Она долго смотрела на него, на зачеркнутые ее рукой числа в утро ее отъезда из Руана, на следующий день после выхода из монастыря. И она заплакала. Она плакала скорбными, скудными слезами, жалкими слезами старухи, оплакивающей свою несчастную жизнь, запечатленную в этих кусочках картона.
Внезапно у нее мелькнула мысль, ставшая вскоре жестокой, неотступной, неотвязной манией. Ей непременно нужно было восстановить день за днем все, что она делала в жизни.
Она развесила по стенам эти пожелтевшие квадраты картона и проводила целые дни, уставив взгляд на какой-нибудь из них и припоминая: «Что со мной случилось в том месяце?»
Она подчеркивала памятные даты своей истории и восстанавливала таким образом некоторые месяцы целиком, припоминая один за другим, сочетая и связывая между собой все мелкие факты, предшествовавшие крупному событию и последовавшие за ним.
Сосредоточив внимание, всячески напрягая память и собрав всю свою волю, она почти полностью восстановила первые два года пребывания в Тополях, так как события самого отдаленного прошлого всплывали в ее памяти удивительно легко и выпукло.
Но последующие годы терялись в каком-то тумане, путались, громоздились друг на друга; случалось, она просиживала подолгу, глядя на один из календарей, обратив все помыслы в былое, и не могла разобраться, к этому ли куску картона относится то или иное воспоминание. Так от одного календаря к другому она обходила всю комнату, где, точно картины крестного пути, висели памятки минувших дней. Потом ставила перед какой-нибудь из них стул и сидела без движения до ночи, роясь в своей памяти.
И вдруг, когда солнечное тепло пробудило соки, когда на полях поднялись всходы, а деревья зазеленели, когда яблони в садах распустились розовыми шарами и напоили ароматами равнину, сильнейшее возбуждение овладело Жанной.
Ей не сиделось на месте; она была в непрерывном движении, выходила и возвращалась по двадцать раз в день, часто блуждала где-то далеко среди ферм, разжигая в себе лихорадку сожалений.
Скрытая в густой траве маргаритка, луч солнца, скользнувший меж листьями, лужица, где отражается синева небес, — все это задевало ее за живое, умиляло, потрясало ее, будило забытые ощущения, словно отголоски того, что волновало ее девичью душу, когда она, мечтая, скиталась по полям.

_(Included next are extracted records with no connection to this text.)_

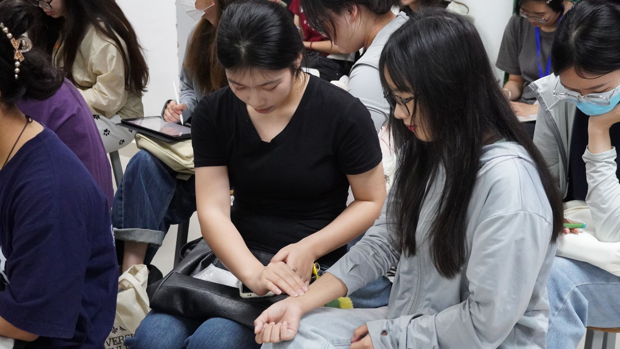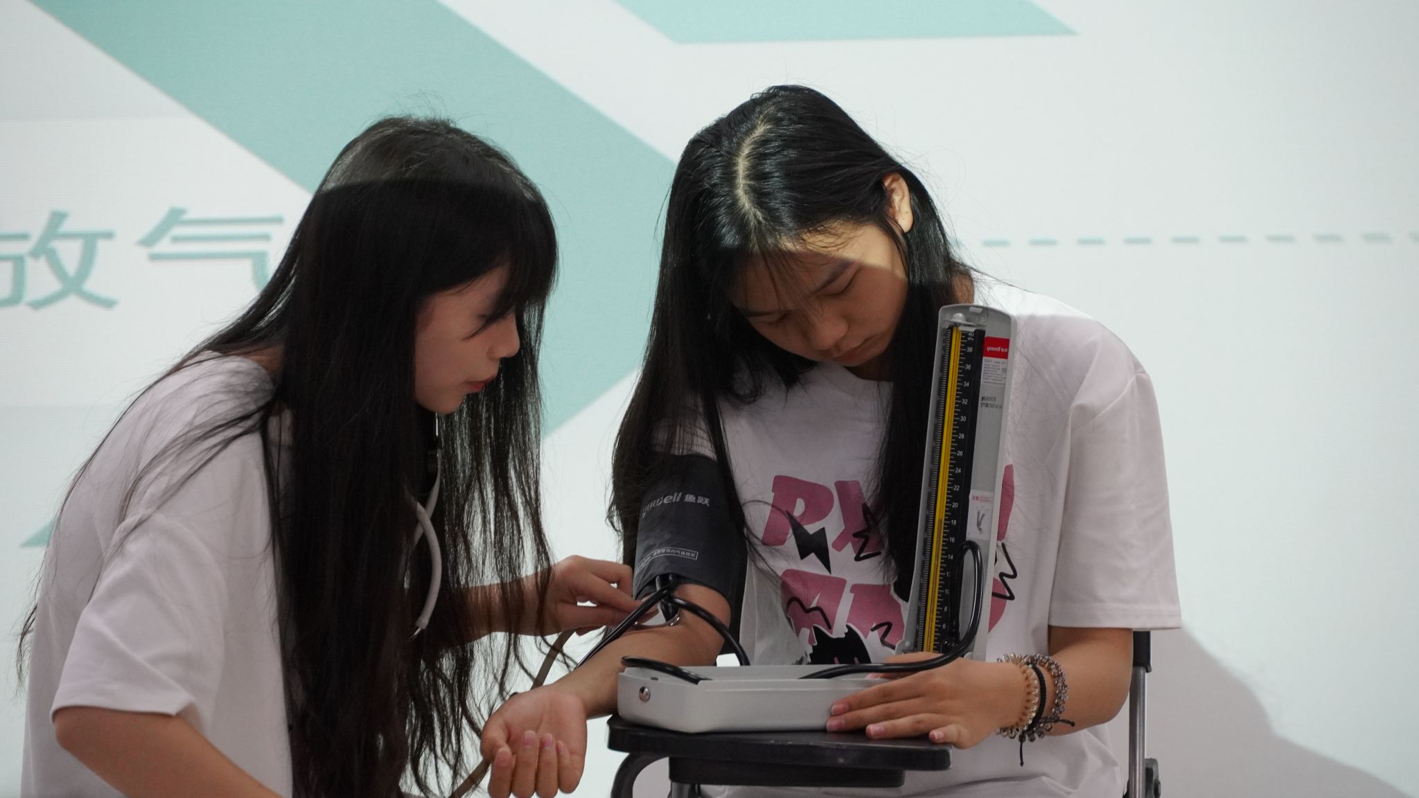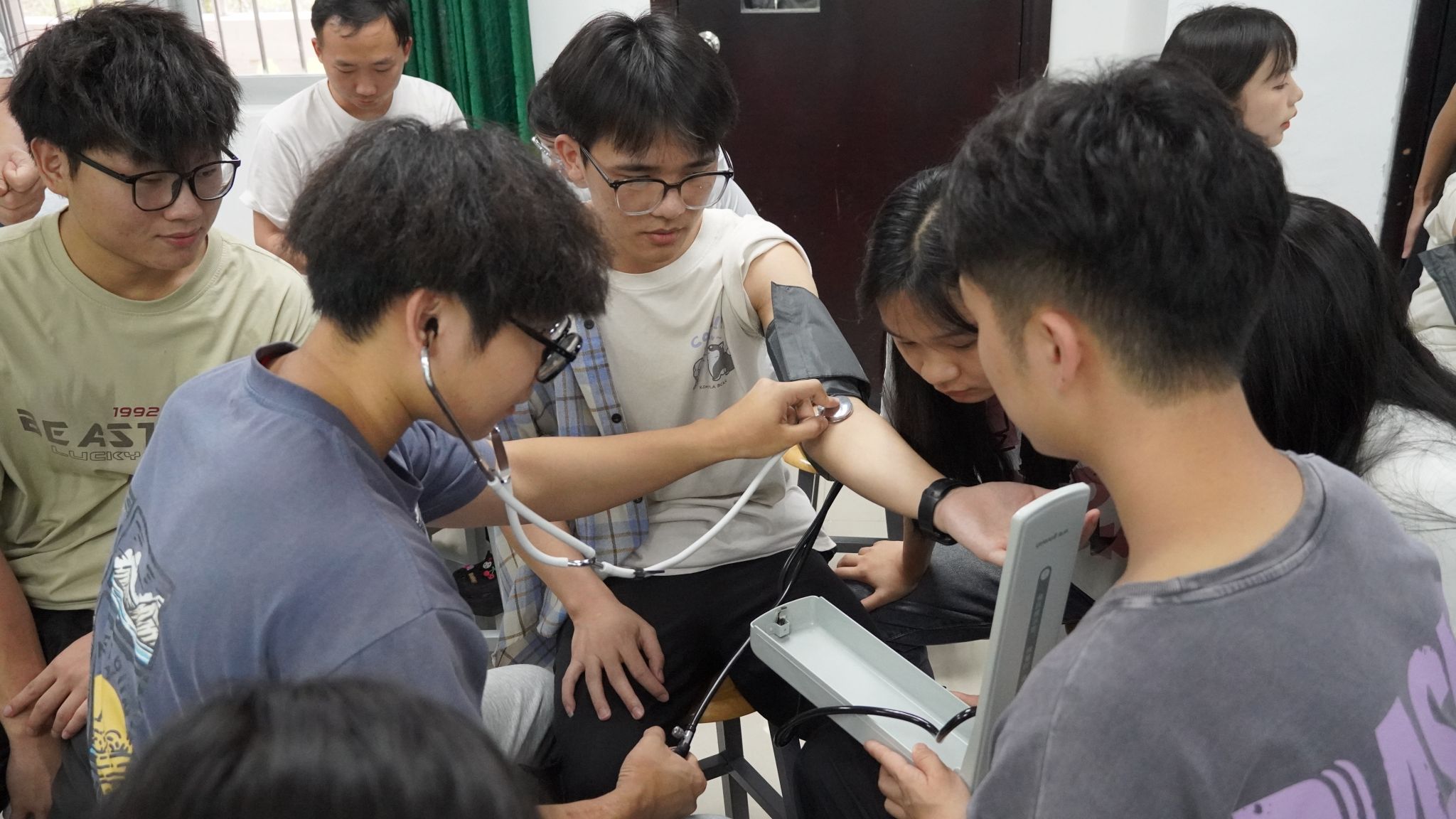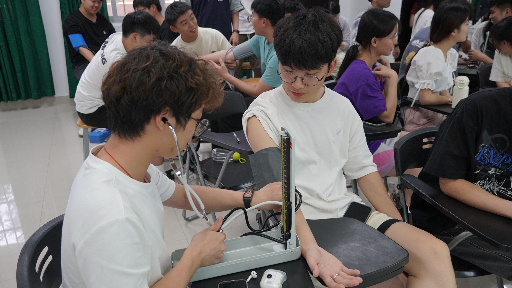 同学们学习热情高涨,专注听讲并踊跃参与实践操作。在小老师细致耐心的指导下,同学们都正确地掌握了测量生命体征的方法。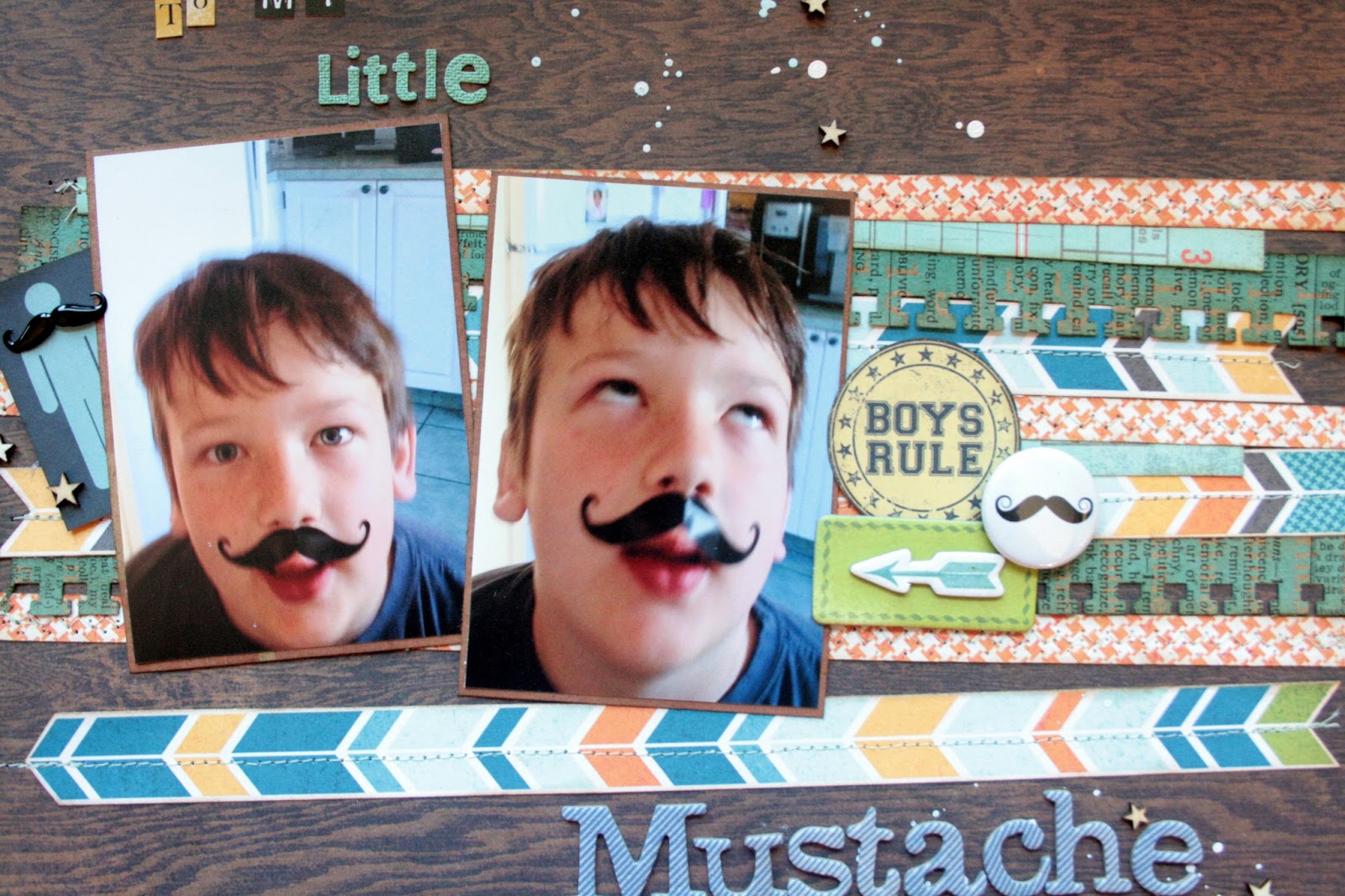 This "orange flavored" card was from the Basic Grey clippings little paper pack. Caleb's favourite colour is orange so I thought it would go great for this layout. I put an overlay on it and stitched it together with my sewing machine. I also stitched the triangles that point to my title on their for a little added texture.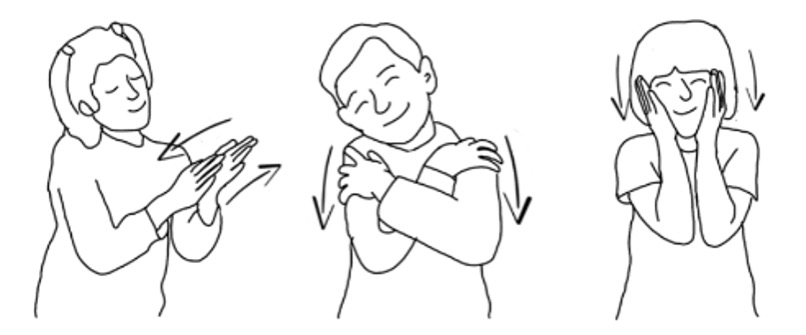 3. Während du diesen Moment visualisierst, streiche sanft deine Hände über Gesicht oder Arme (wie bei den vorherigen Übungen).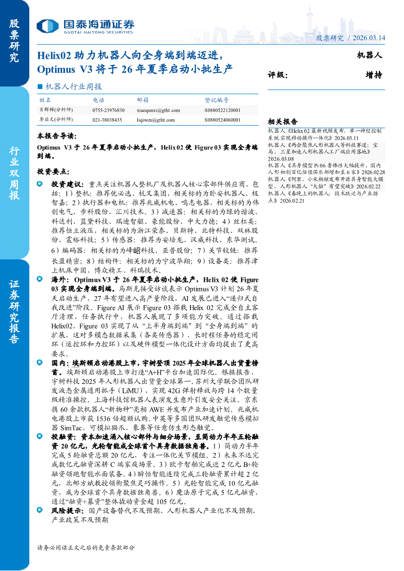 机器人行业:国泰海通证券-机器人行业周报:Helix02助力机器人向全身端到端迈进,Optimus V3将于26年夏季启动小批生产-260314

Тот же трепет, то же наслажденье пьянящей отрадой и негой весеннего тепла она испытывала, когда жила ожиданием будущего. И теперь, когда с будущим было покончено, она ощущала все это вновь. И наслаждалась всем сердцем, и страдала в то же время, как будто извечная радость пробужденного мира, пронизывая ее иссохшую кожу, ее охладевшую кровь, ее удрученную душу, теперь могла подарить ей лишь грустную тень очарования.
Ей казалось, будто что-то переменилось на свете. Солнце стало, пожалуй» не таким уже жарким, как в дни ее юности, небо не таким уж синим, трава не такой уж зеленой; цветы тоже были не так ярки и ароматны, не дурманили так, как прежде.
Однако бывали дни, когда блаженное чувство жизни так властно проникало в нее, что она вновь принималась мечтать, надеться, ждать; и правда, можно ли, при всей беспощадной жестокости судьбы, перестать надеяться, когда кругом такая благодать?
Она ходила, ходила часами, как будто душевное возбуждение подгоняло ее. Иногда она вдруг останавливалась, садилась у края дороги и перебирала печальные мысли. Почему ее не любили, как других? Почему ей не дано было узнать даже скромные радости мирного существования?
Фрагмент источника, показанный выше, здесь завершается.